Warum dauert es so lange, einen Asylantrag durchzubringen?
Ich vermute einen wirtschaftlichen Grund dahinter. Wenn man bedenkt, dass es immerhin 500 bis 600 Arbeitsplätze in den Flüchtlingszentren gibt, dann ist der italienische Staat – besonders in wirtschaftlich mageren Zeiten wie diesen – ganz sicher nicht daran interessiert, diese aufs Spiel zu setzen. Da lässt man einen Flüchtling lieber ein paar Monate länger warten, als dass man ihm den Asylschein zur Weiterfahrt ausstellt.

Wie geht es den Flüchtlingen in den Flüchtlingszentren?

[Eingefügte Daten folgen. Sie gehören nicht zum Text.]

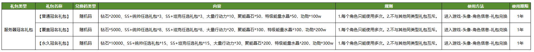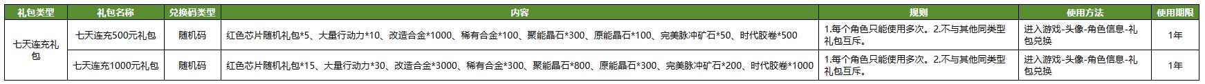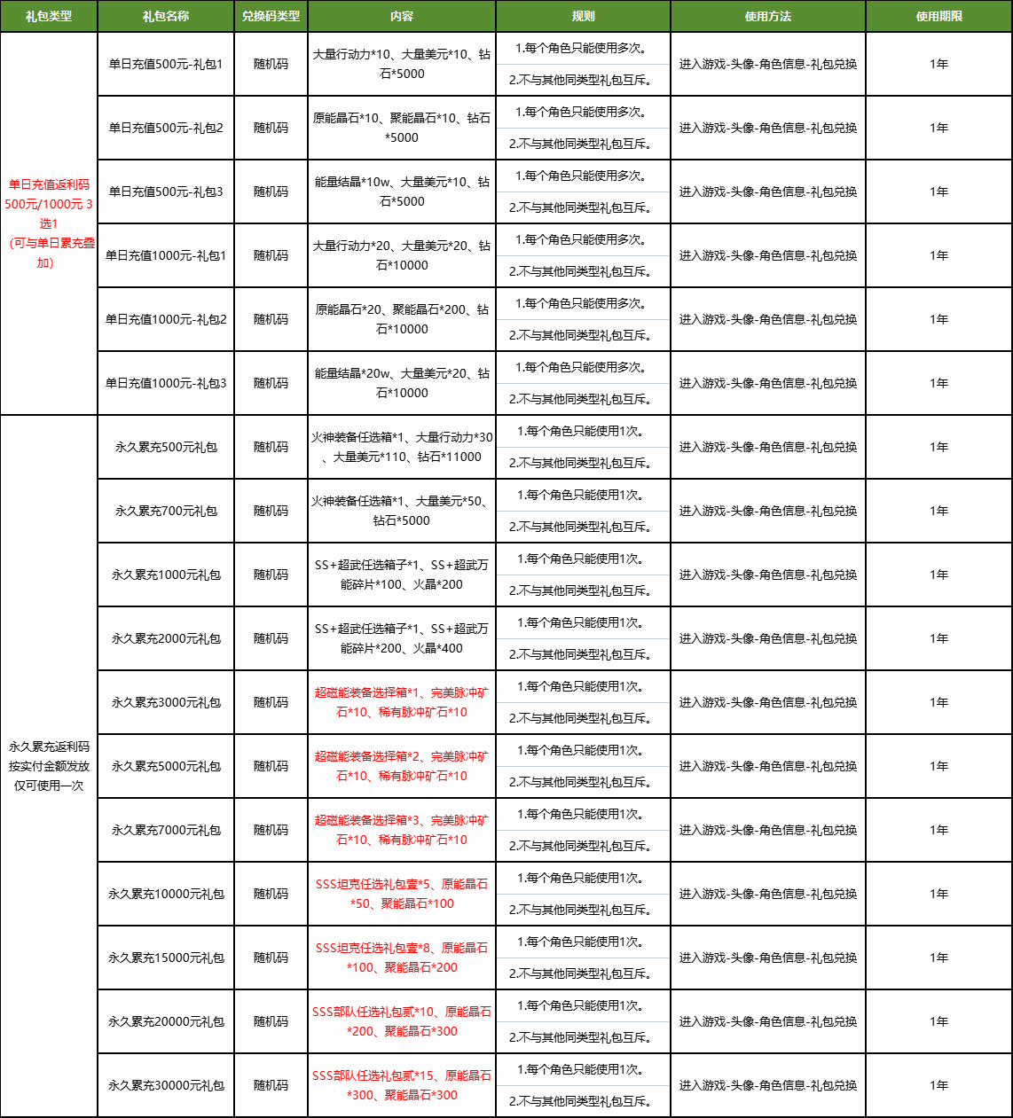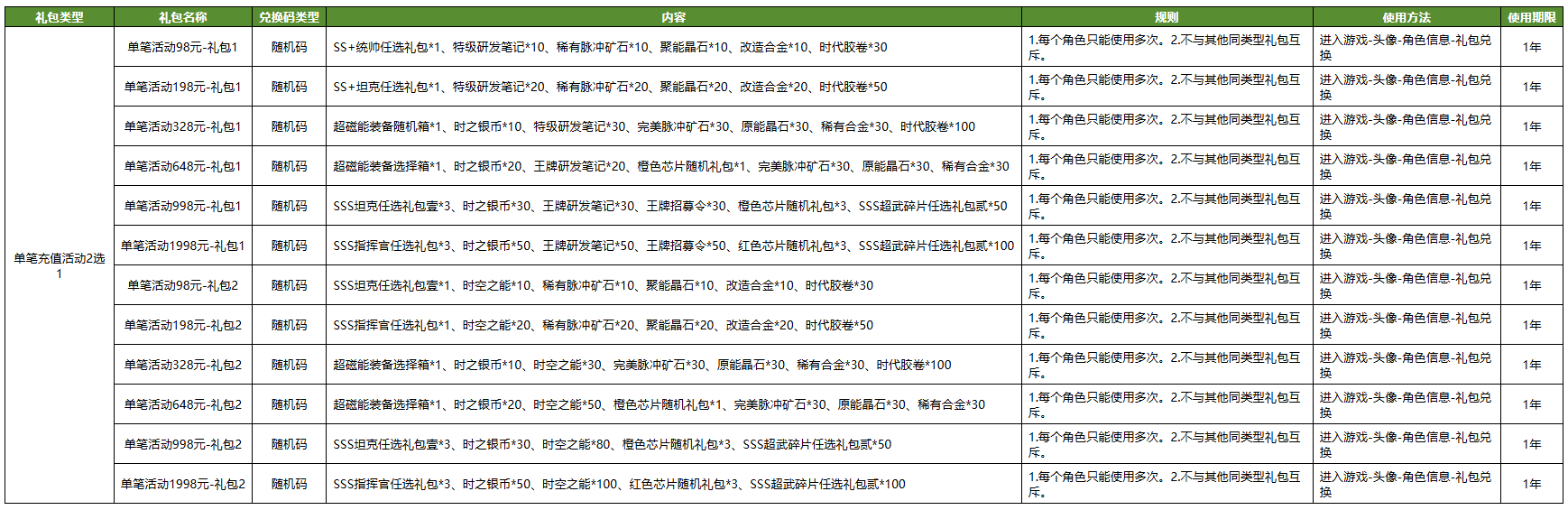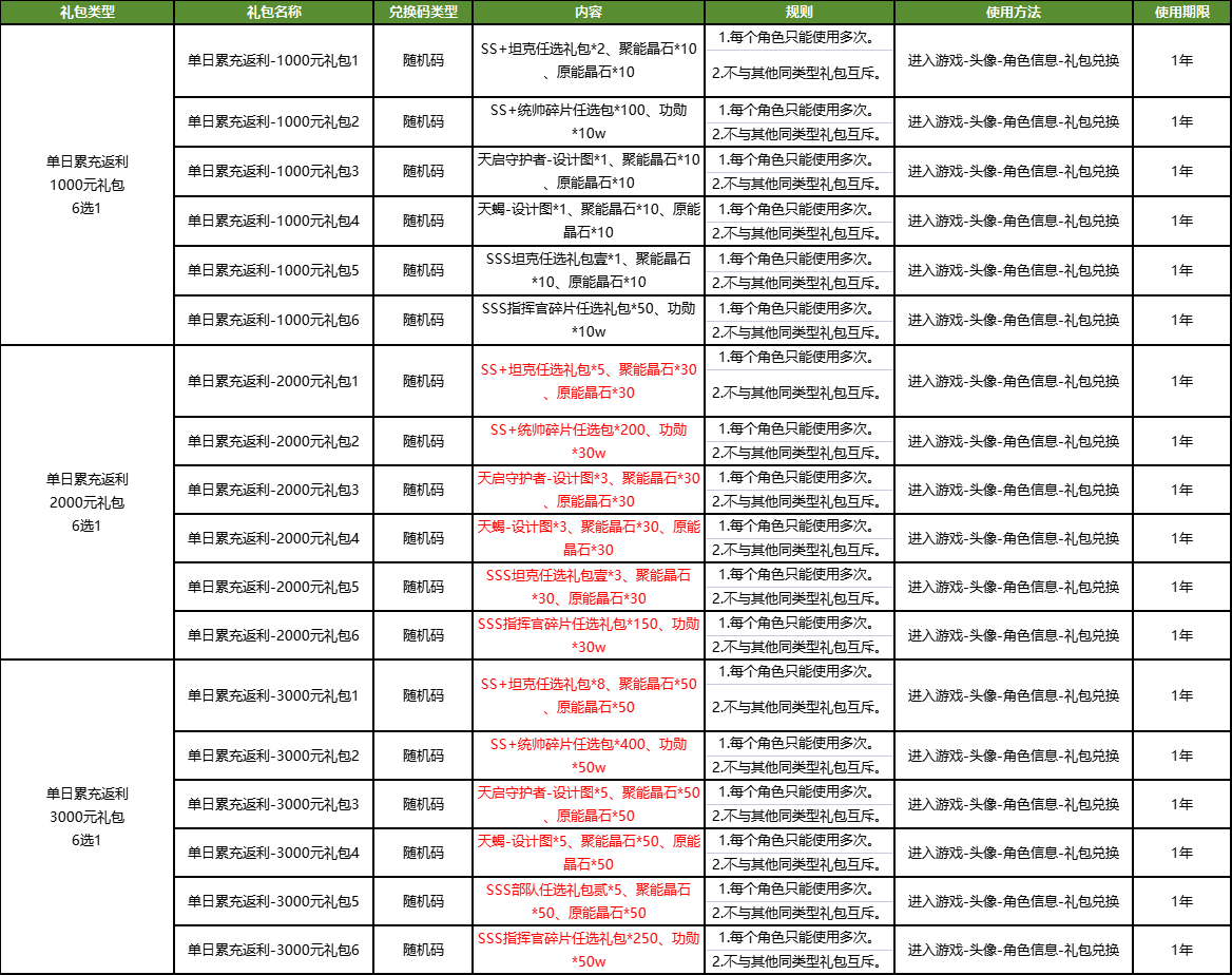 1、(可与单日充值奖励活动叠加)按达标最高档位参与1000元/2000元/3000元中6选1,可多次使用同批次礼包码——坦克(天蝎/天启守护者) 仅在此活动产出
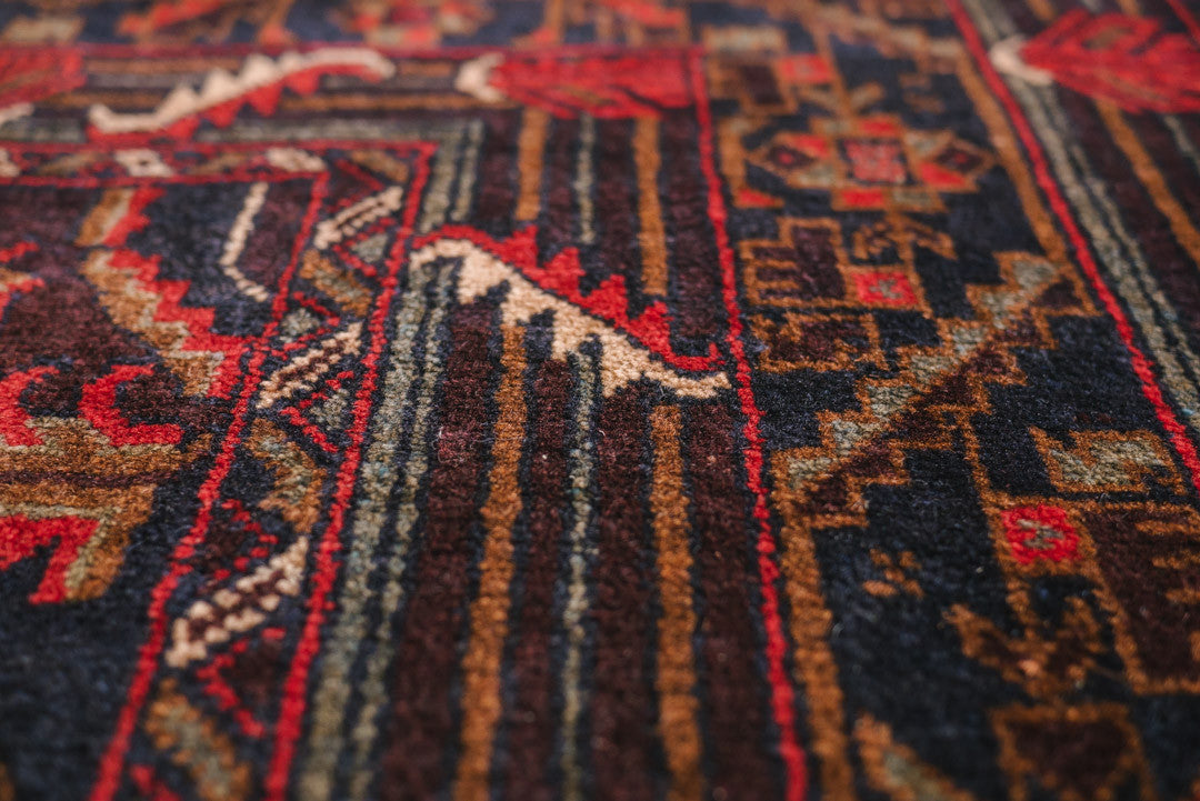 style: hand knotted, Afghani, Baluch, rug, carpet
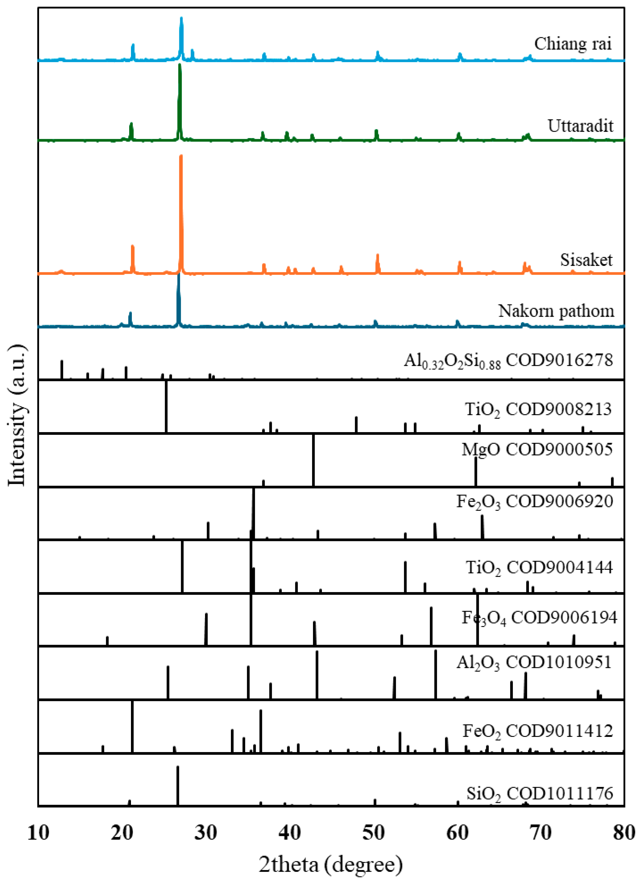 Sisaket soil had similar compressive strength (1.13 ± 0.05 MPa) and intermediate flexural resistance (0.09 ± 0.01 MPa) and intermediate thermal conductivity (0.298 ± 0.043 W/m·K). The reported TiO
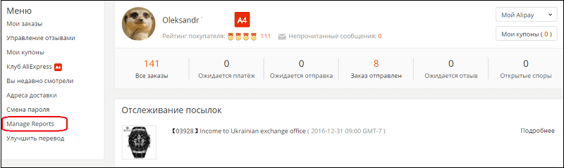 Для того чтобы отследить этап рассмотрения претензии, необходимо открыть «My reports» , «Manage Reports» . Покупатель также может обратиться с жалобой на электронную почту AliExpress.

Ein Anwalt, der sich für Menschen dort einsetzt, hat uns erzählt, dass viele Flüchtlinge sagen, es ginge ihnen gut. Viele würden aus ärmsten Verhältnissen kommen und wären niedrige Standards gewohnt. Viele Lager werden aber kritisiert, da sie so abgeschottet sind. Manche Zentren gleichen einem Schmelztiegel: Es gibt sehr viele verschiedene Nationalitäten und Ethnien dort. Viele können auch nach einem Jahr noch kein Wort Italienisch, da ihnen der Kontakt zur Außenwelt fehlt. Flüchtlingen würde es normalerweise zustehen, 2.50 Euro pro Tag zu bekommen. Sie bekommen aber stattdessen ein Päckchen Zigaretten. Das spart Geld.